Neural networks and people identification

Our company presents a system of persons identification in streaming video objects based on neural networks.

Case: school buses carry children around the area. The issue is in the lack of control over drivers and unauthorized passengers carried.

Neural networks and people identification image 1

Intelli LLC introduced a solution based on neural networks. A video recorder with an LTE / 3G / Wi-Fi module is installed in the bus, which, in the presence of high-speed Internet connection, transmits the video stream to the servers of the GPSM data center. When the bus moves outside the range of high-speed Internet, data is recorded on the hard drive built into the DVR. As soon as communication resumes, the system provides access to the recorded data.

The first stage of the system implementation is online video surveillance with video broadcasting from the bus, the GPS tracking and driving style of the driver (control of aggressive driving).

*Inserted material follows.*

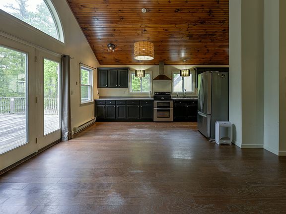 Always wanted a cozy little place surrounded by trees and privacy? Here it is! Adorable raised ranch sits on 2.71+/- acres nestled in the trees and located on a dead-end road and abutting conservation land. With just a bit of interior paint and some minor repairs to the expansive deck, this could be your own little slice of heaven. Beautiful tongue and groove wood cathedral ceilings. Room in the basement for future expansion if desired. Great two car garage with storage area above. Ample parking, level lot. The possibilities are endless! (The one photo with furniture, is virtually staged) Offer deadline 9pm Wednesday 6/4/25

A neural network analyzes the video stream and identifies people on the bus. After passing several cycles of training the neural network (usually 3-4 weeks), the system begins to determine the permitted and unauthorized passengers.

Below is a diagram of the system.Neural networks and people identification image 2

If the driver took not allowed passenger on the bus, the system detects the appearance of the stranger on the bus and generates a report on this event. Photos of the stranger, the place where the stranger appeared on the bus, the driver’s actions are sent in the form of a notification and report to the system dispatcher, who is obliged to initiate an investigation and report the incident to management.

The most important property of the system is learning ability. Deep learning leads to high accuracy in identifying objects of any complexity and overtime exceeds the ability to recognize objects of a human.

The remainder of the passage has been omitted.